Erik spat out his wine. It was too funny. It seems like he had not gotten used to how open your mom was. You helped clean him up and left before she said more embarrassing things.
You started getting ready for bed. Brushing your teeth in your silky pj’s. Erik was already in bed. He looked beautiful. He only had his bottoms on, hair all the way back in 3 cornrows. He could see that you were checking him out. Even though he was scrolling through his emails.
“You want to take a picture, Love?“ You giggled. His favourite sound in the world.
“I already have a ton of them, but the real deal looks much better.“ You climber in bed with just his bed lamp on. 
“You don’t say. Are you not cold?“ 
“No. You?“
“No?“ He gave you a kiss and laid down on his back so did you. He turned the lap off and in the silence, you asked.
“Do you think we should fuck so we can have kids ?“ Your voice was little
“What the hell“ Erik let out a laugh, his whole body shook.
“You being pressured by your mom baby?“
“No. I’m in no rush..like at all but we’ve never really spoken about it, Erik.“
“I want to have kids with you, but when the time is right. We still working on us right now. 3 years of marriage that is not a long time. I’m planning on being with you for the longest, like your mom and pops. 57 years.“
“I want to be with you for longer than that.“ You sounded corny and cheesy saying that. Erik smiled thinking you were. But you were his cheesy and corny girlfriend.
“Period…But I do want kids…I want to show them Wakanda and shit. I would love that. “ He said it confidently leaving no room for you to doubt him. ”Plus we live in a great area. They got a good school. You know his ass is practically going to live in that outreach centre. “
“What makes you think it’s going to be a boy?“ you smacked his chest.

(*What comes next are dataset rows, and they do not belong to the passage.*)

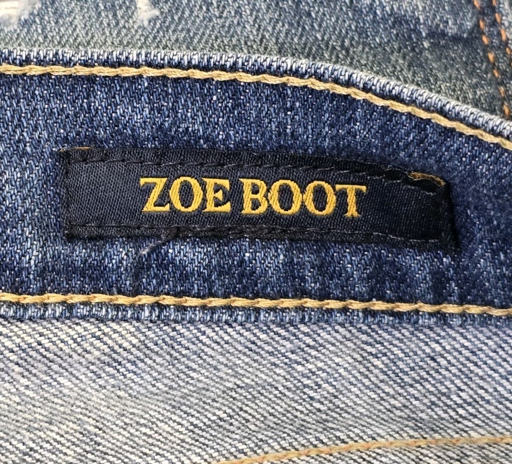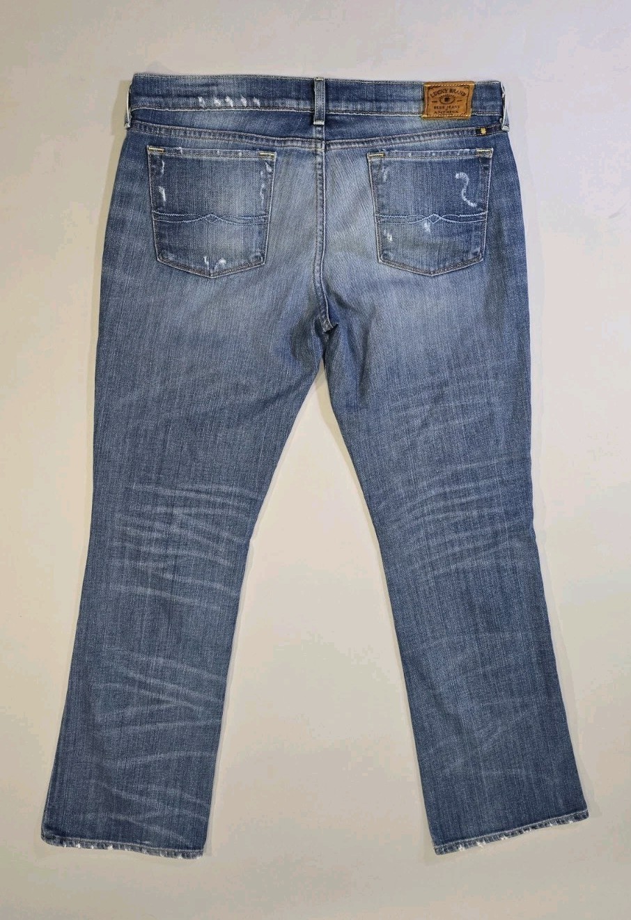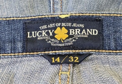 The product is a pair of Lucky Brand Sister Zoe Boot Jeans in women's size 14/32, featuring a classic fit, low rise, and bootcut style. Made in Mexico, the jeans are crafted from a cotton blend denim fabric with a medium wash and solid blue color. They include a zip, button closure, and pockets, making them a stylish and comfortable accessory for any wardrobe. With a vintage touch and branded accents, these Lucky Brand jeans offer a timeless and trendy look for everyday wear.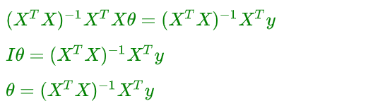 \theta = (X^TX)^{-1}X^Ty 或者 {\color{Red} W = (X^TX)^{-1}X^Ty} ,其中的W\theta 即使方程的解!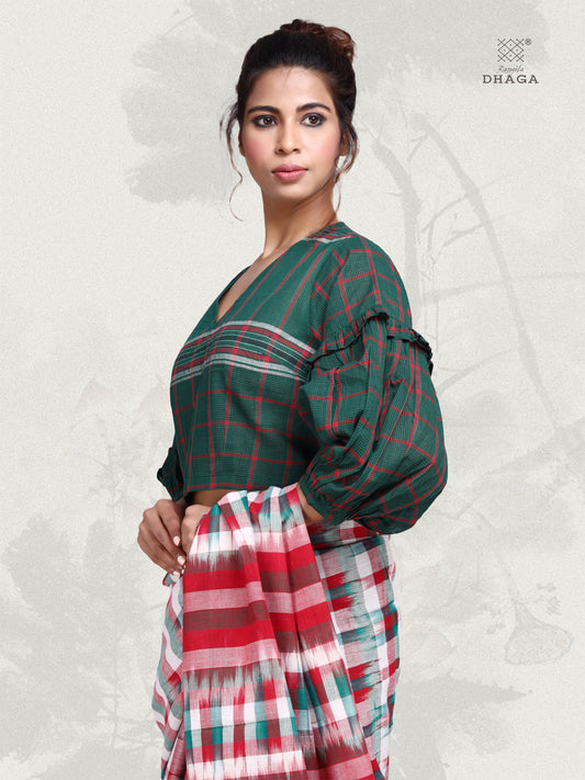 Blouse Gamcha Fashion Handloom Cotton Fabric with Bishop (Caff) Sleeves Dark Green BL5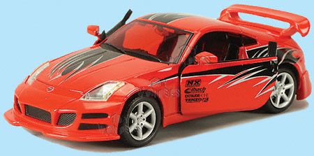 Nissan 350Z 7.25"L die cast metal sports car with opening doors, hood, and trunk and free wheeling.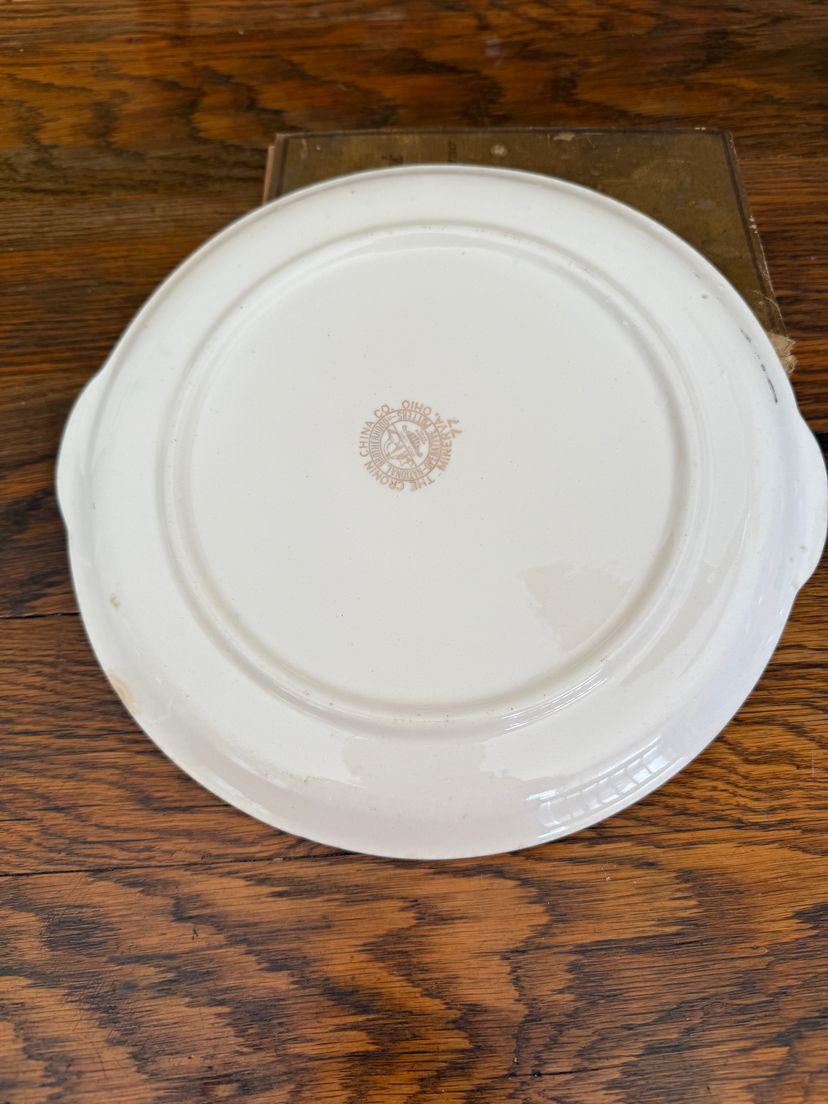 Made in Minerva, Ohio and stamped with the National Brotherhood of Operative Potters Union label, this plate is a lovely example of American Depression-Era pottery.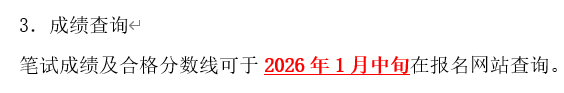 🕛 查询时间:笔试成绩及合格分数线可于2026年1月中旬查询。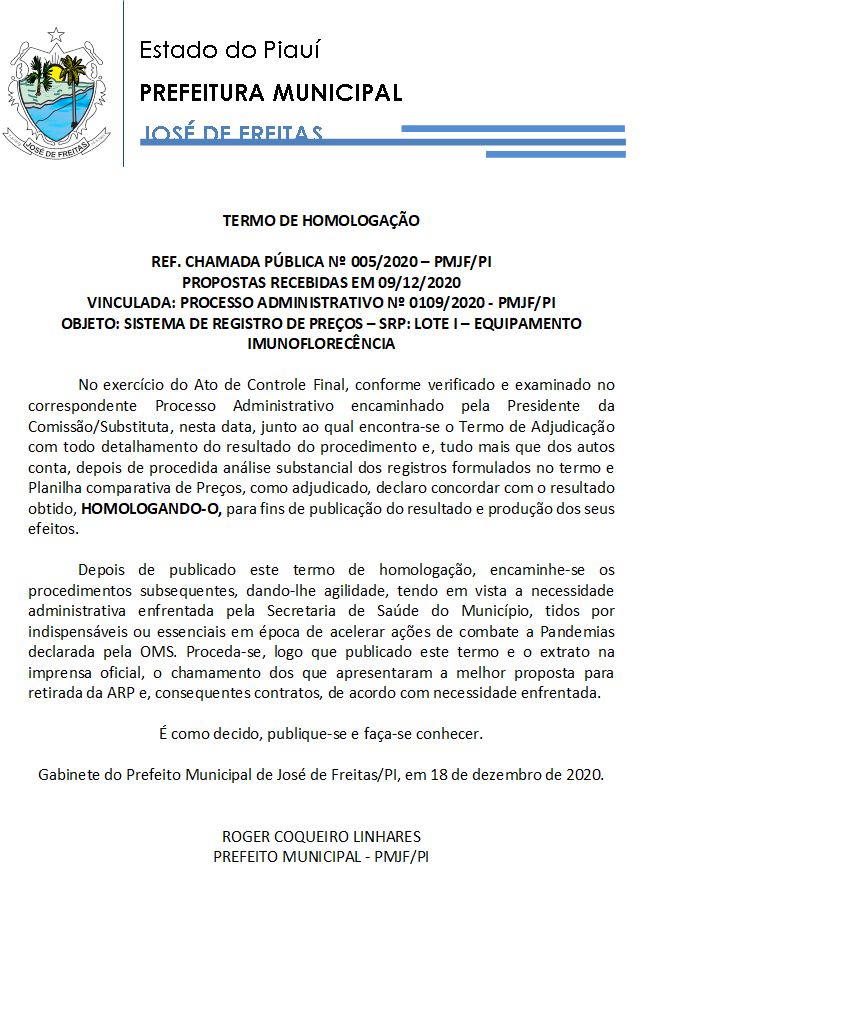 TERMO DE HOMOLOGAÇÃO REF. CHAMADA PÚBLICA Nº 005/2020 – PMJF/PI PROPOSTAS RECEBIDAS EM 09/12/2020 VINCULADA: PROCESSO ADMINISTRATIVO Nº 0109/2020 - PMJF/PI OBJETO: SISTEMA DE REGISTRO DE PREÇOS – SRP: LOTE I – EQUIPAMENTO IMUNOFLORECÊNCIA

“…what ..it could be a girl…or better twins.“
You gasped. “Like Beyonce,” you whisper dramatically. 
You laid on your side so you can see his profile. The small light that comes from the parted curtains helped you see that his eyes were closed. You left for the bath. In the dead of night is when you insecurities seemed to be the most active.
They questioned why Erik liked you, why he married you and if you were worthy to even carry his children. They told you that there were much better girls out there. Who were more attractive. Who could make him much happier than you could ever? At night, when everyone was asleep. The mirror was your worst enemy but somehow the Wakanden gem on your ring fingers reassure you that you were right where you belong.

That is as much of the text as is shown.